## Assignment
Write out nothing but the lines from the one containing "Giovedì 6 giugno, presso" through the last line below, both included, and without the pictures.

## Dataset extract

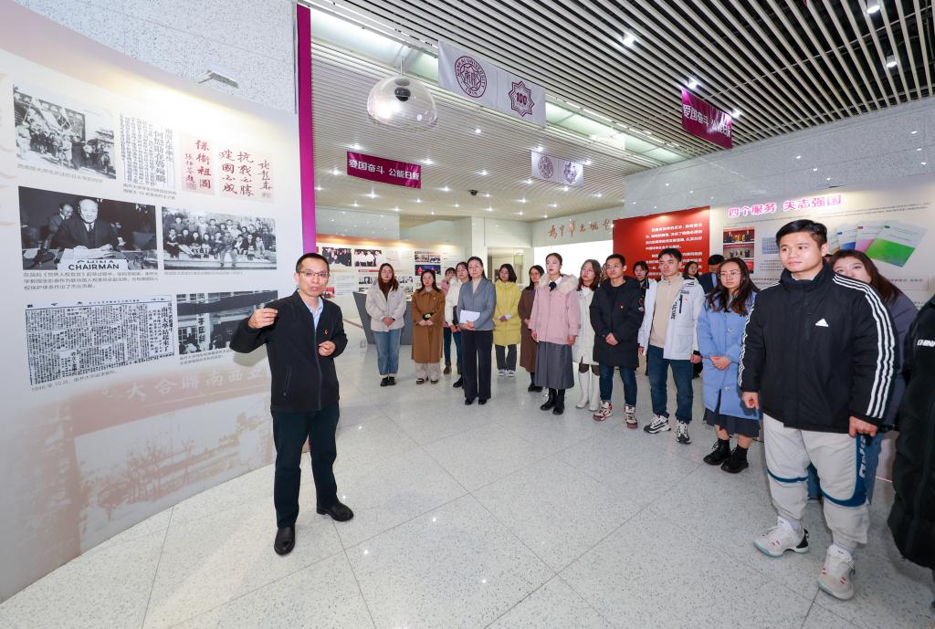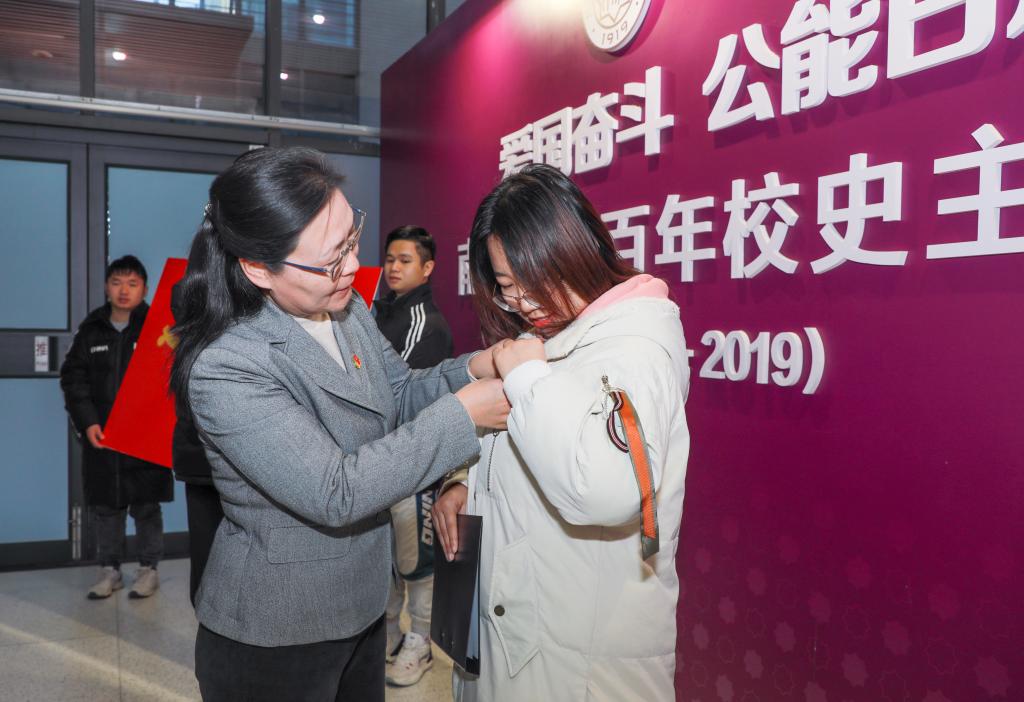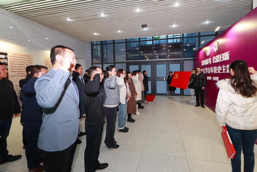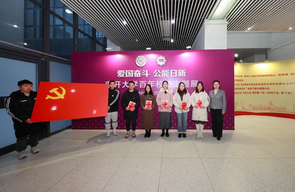 此次主题党日活动分为“重走视察路线,牢记殷殷嘱托”“重温入党誓词,坚守初心使命”及“共话五年发展,开启崭新征程”三个环节。在第一环节,师生党员在校纪检监察机构党支部书记、校纪委副书记易勇军的带领和讲解下,共同参观了位于八里台校区的“爱国奋斗 公能日新”南开大学百年校史主题展,重走习近平总书记视察南开路线,重温视察讲话场景,深入学习南开百年爱国奋斗历史。在参观过程中,赵美蓉与同学们亲切地交流,耐心地解答同学们的疑问,进一步加深了师生对习近平总书记视察南开大学的重要意义的理解。
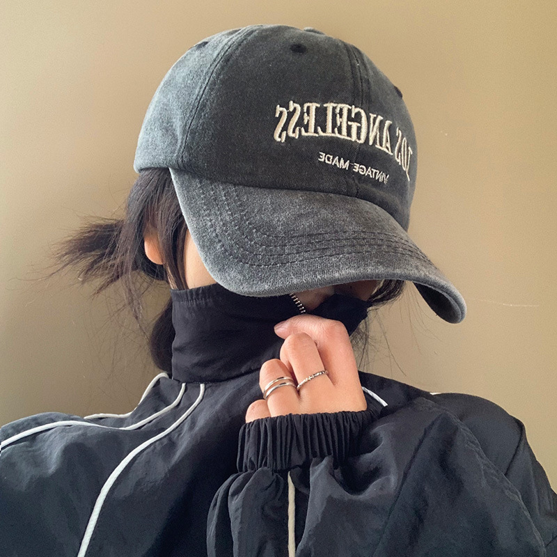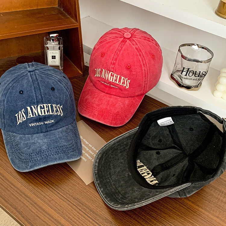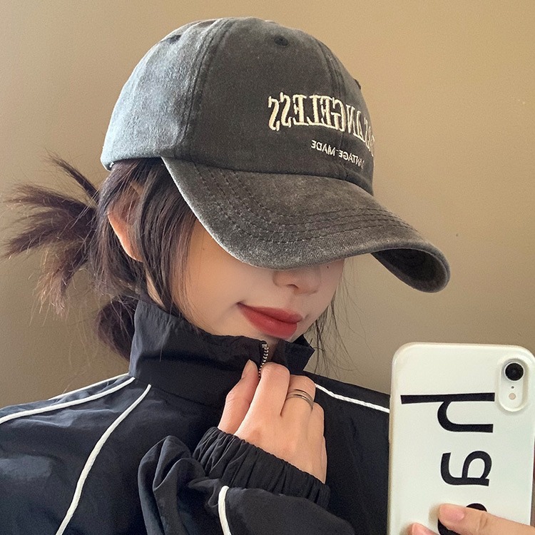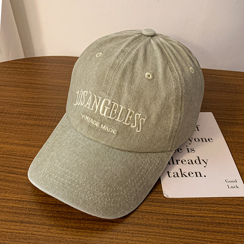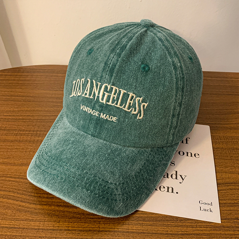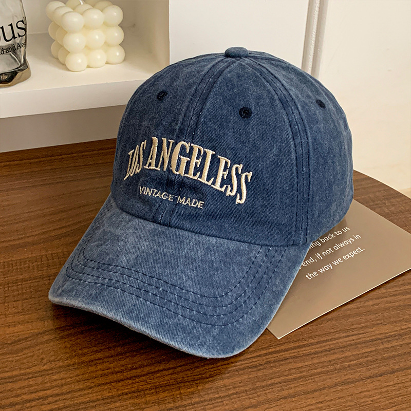 Washed Baseball Denim Letters Embroidered Peaked Cap
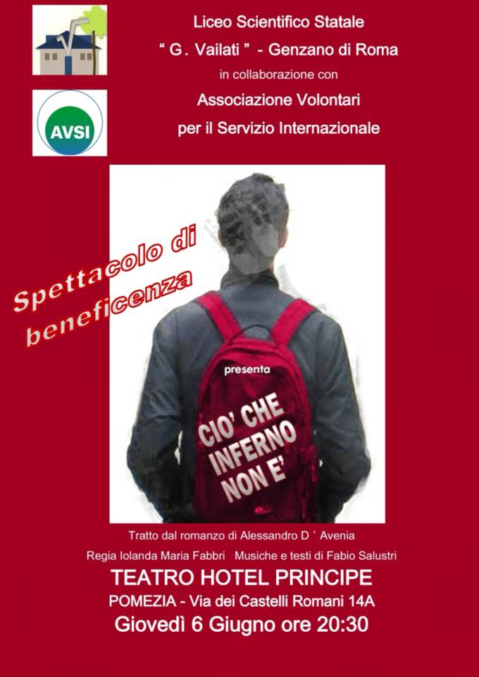 Giovedì 6 giugno, presso il teatro dell’Hotel Principe, via dei Castelli Romani, 14 A, Pomezia, andrà in scena lo spettacolo Ciò che inferno non è, realizzato dal laboratorio teatrale del Liceo Scientifico Giovanni Vailati di Genzano. Lo spettacolo è finalizzato ad una raccolta di beneficenza a favore dell’AVSI, in memoria di Yasmine Seffahi. L’ingresso è ad offerta libera.
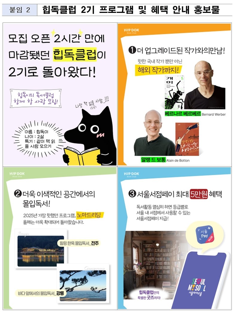 - 개장 특별 프로그램으로 베르나르 베르베르·알랭 드 보통 ‘작가와의 만남’ 진행 [서울 세계타임즈=이장성 기자] 서울시 서울야외도서관 공공 독서클럽 ‘힙독클럽’이 2기 회원 모집에 나선다. 지난해 1기 운영 성과를 바탕으로 올해는 지역서점 상생, 글로벌 작가와의 만남 등 더욱 강화된 내용으로 돌아왔다. 4월 1일(수)부터 서울야외도서관 누리집을 통해 9천 명을 선착순 모집한다.

## Worked solution
 Giovedì 6 giugno, presso il teatro dell’Hotel Principe, via dei Castelli Romani, 14 A, Pomezia, andrà in scena lo spettacolo Ciò che inferno non è, realizzato dal laboratorio teatrale del Liceo Scientifico Giovanni Vailati di Genzano. Lo spettacolo è finalizzato ad una raccolta di beneficenza a favore dell’AVSI, in memoria di Yasmine Seffahi. L’ingresso è ad offerta libera.
 - 개장 특별 프로그램으로 베르나르 베르베르·알랭 드 보통 ‘작가와의 만남’ 진행 [서울 세계타임즈=이장성 기자] 서울시 서울야외도서관 공공 독서클럽 ‘힙독클럽’이 2기 회원 모집에 나선다. 지난해 1기 운영 성과를 바탕으로 올해는 지역서점 상생, 글로벌 작가와의 만남 등 더욱 강화된 내용으로 돌아왔다. 4월 1일(수)부터 서울야외도서관 누리집을 통해 9천 명을 선착순 모집한다.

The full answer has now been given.